И снова не было ни тьмы, ни подвала, ни крыс, что пищали в углах. И снова не было войны, а было двое. Двое на Земле. Мужчина и Женщина.
— Ты когда-нибудь видела аистов?
— Аистов? Каких аистов?
— Говорят, они белые-белые.
— Не знаю. В городе нет аистов, а больше я нигде не была. Почему ты вдруг опросил о них?
— Так. Вспомнил.
— Тебе не холодно?
— Нет. А тебе?
— Нет, нет. Знаешь, почему я спросила? Степан Матвеевич в ту, последнюю ночь сказал мне, что ты застыл.
— Как застыл?
— Застыл от войны, от горя, от крови. Он говорил, что мужчины стынут на войне, стынут внутри, понимаешь? Он говорил, что в них стынет кровь, и только женщина может тогда отогреть… А я не знала, что я — женщина и тоже могу кого-то отогреть. Я отогрела тебя? Хоть немножечко?
— Я боюсь растаять.
— Ну, ты смеешься.
— Нет, я говорю правду: я боюсь растаять возле тебя. А поверху ходят немцы, по нашей с тобой крепости. Знаешь, они что-то замышляют: начали расчищать площадку возле Тереспольских ворот. И сейчас мы встанем, и я пойду наверх.
— Коля, милый, не надо. Еще день, один только денечек без страха за тебя.
— Нет, Миррочка, надо. Надо, а то они и вправду решат, что стали хозяевами в нашей крепости.
— Значит, мне опять считать секунды и гадать, вернешься ты или…
— Я вернусь. Я просто ухожу на работу. Ведь уходят же мужья на работу, правда? Вот и я тоже. Просто у меня такая работа.

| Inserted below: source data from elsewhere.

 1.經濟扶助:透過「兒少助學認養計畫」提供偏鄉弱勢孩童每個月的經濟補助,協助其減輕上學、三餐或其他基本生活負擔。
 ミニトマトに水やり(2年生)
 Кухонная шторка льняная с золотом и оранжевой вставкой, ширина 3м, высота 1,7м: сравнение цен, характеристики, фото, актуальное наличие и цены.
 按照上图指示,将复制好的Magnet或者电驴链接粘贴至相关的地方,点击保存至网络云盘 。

Еще не успев подняться наверх, Плужников услышал рев двигателей и почувствовал, как дрожит земля: трактора стаскивали к Тереспольским воротам крупнокалиберные крепостные орудия. Опять множество немцев вертелось вокруг, и Плужников поначалу решил не рисковать и вернуться. Но немцы были заняты своими делами, и он все-таки двинулся в дальние развалины. Там можно было надеяться встретить одинокий патруль, а на большее он и не мог сейчас рассчитывать.
Прошлый раз он ходил левее: его тогда интересовал берег за поворотом Мухавца. Но сейчас он уже не думал о том, что должен расстаться с Миррой, — сейчас сама мысль эта была для него ужасна, — и поэтому он свернул вправо, в подвалы, через которые мог подобраться к трехарочным воротам. Там все время сновали немцы, и именно там он мог напомнить им, кто хозяин этой крепости.

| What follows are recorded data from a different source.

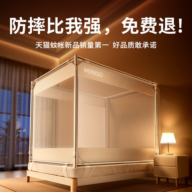 名创优品防摔蚊帐2026新款蒙古包家用卧室免安装儿童婴儿防止掉床
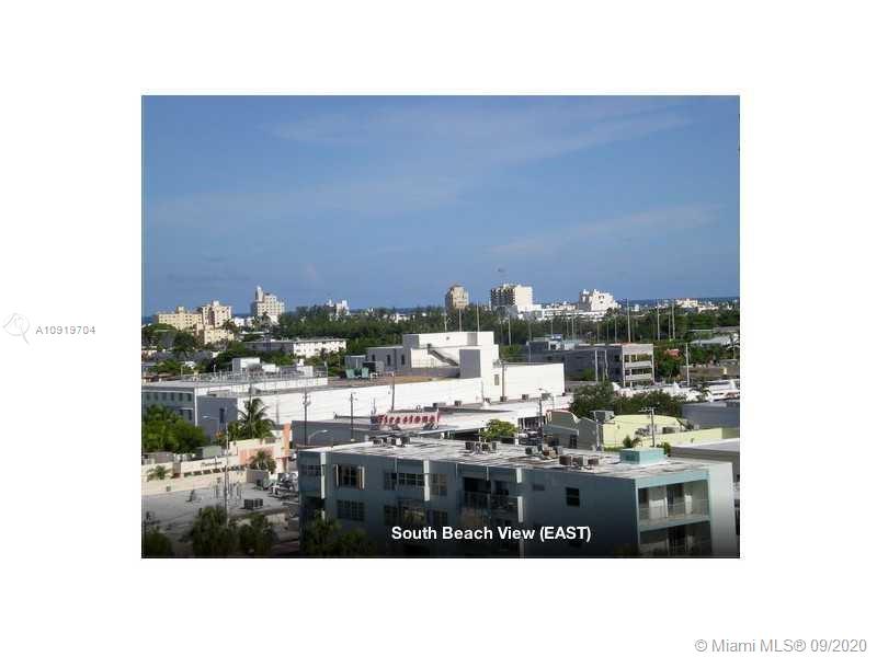 SPECTACULAR CITY & BAY VIEWS FROM THIS UPGRADED STUDIO 350 Sq. Ft PENTHOUSE!! GRANITE COUNTER TOPS, STAINLESS STEEL APPLIANCES, TILE THRU OUT, LOW MAINTENANCE. NEW ELEVATORS, NEW ROOF, CODE COMPLIED ON EVERYTHING, STREET PARKING, PETS ACCEPTED UP TO 25 LBS. ASSOC HAS ITS OWN RESERVES. BUILDING HAS A NEW GENERATOR, NEW RESURFACE POOL. DELI ON BUILDING AT SIDEWALK LEVEL. WALKING DISTANCE TO LINCOLN RD SHOPS, CAFES, RESTAURANTS & NIGHT LIFE!! WALKING DISTANCE TO THE BEACH AND ALL SoBe HAS TO OFFER!! HURRY THIS WONT LAST!!! Owner Motivated.
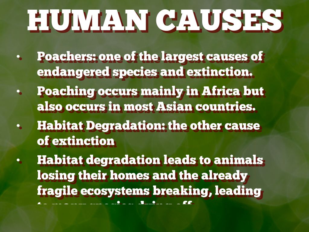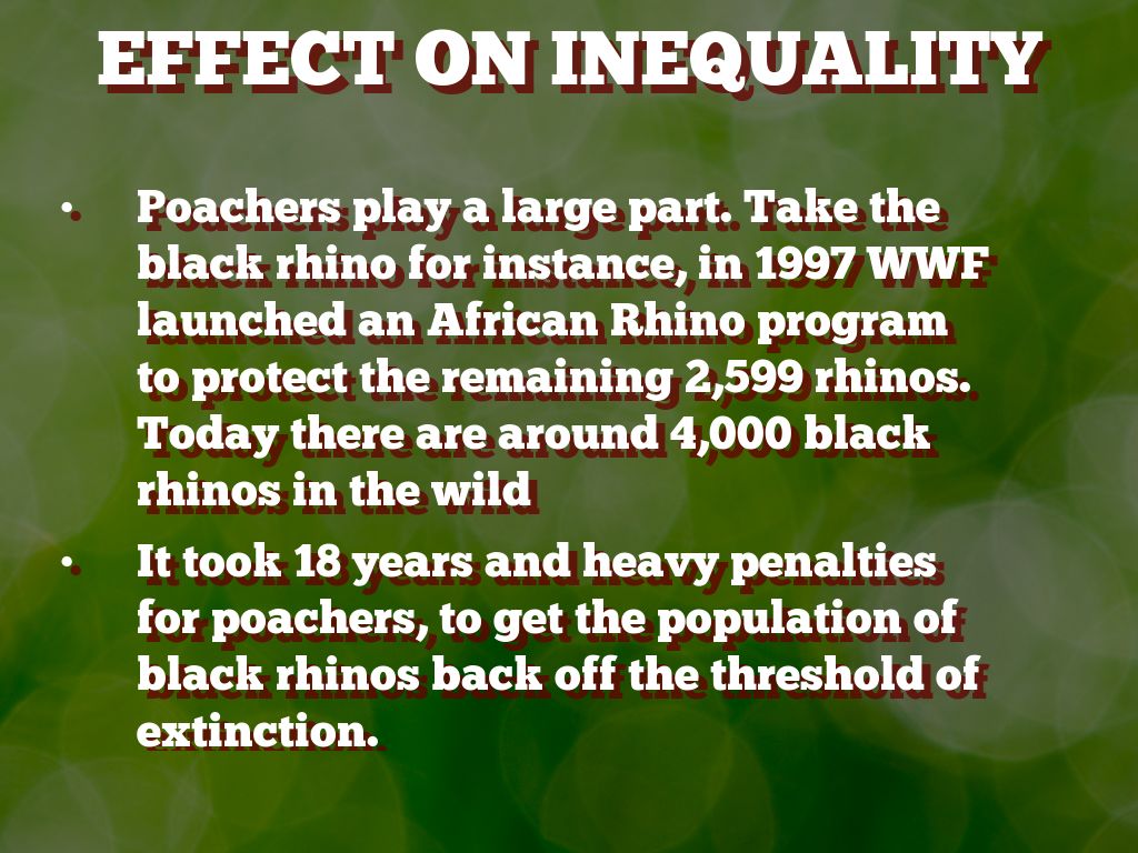 Poachers play a large part. Take the black rhino for instance, in 1997 WWF launched an African Rhino program to protect the remaining 2,599 rhinos. Today there are around 4,000 black rhinos in the wild

Теперь он шел осторожно: куда осторожнее, чем тогда, когда уперся грудью в автомат Небогатова. Он не боялся столкнуться с немцами в подземельях, но они могли бродить поверху, могли услышать его шаги или увидеть его самого сквозь многочисленные проломы. Он перебегал открытые места, а в темных нишах подолгу останавливался, настороженно вслушиваясь.
Он услышал близкие шаркающие шаги именно в одной из таких глухих, беспросветных ниш. Кто-то шел прямо на него, шел медленно, старчески волоча ноги, не пытаясь приглушить шум. Плужников беззвучно сбросил автомат с предохранителя и весь напрягся, ожидая того, кто так беззаботно топал по подвалам, достаточно светлым от бесчисленных дыр и проломов. Вскоре совсем близко тяжело вздохнули и сказали тихо и озабоченно:
— Озяб я. Озяб.
Плужников готов был шагнуть из ниши, потому что сказано это было так по-русски, что никаких сомнений уже не могло оставаться. Но он не успел шагнуть, как неизвестный вдруг запел. Запел жалобным детским голосом бессмысленно и тупо:
Плужников замер. Что-то страшное и беспросветно безнадежное было в этом пении. А неизвестный снова и снова уныло тянул одно и то же:
Послышался шум осыпавшихся кирпичей, тяжелое дыхание, и неизвестный певец попал в луч света, совсем рядом с Плужниковым, выйдя из-за поворота. И Плужников узнал его, узнал сразу, несмотря на длинные, свалявшиеся, красные от кирпичной пыли волосы. Узнал и шагнул навстречу:
— Волков? Вася Волков?
Волков замолчал. Стоял перед ним, пошатываясь, тупо глядя безумными отсутствующими глазами.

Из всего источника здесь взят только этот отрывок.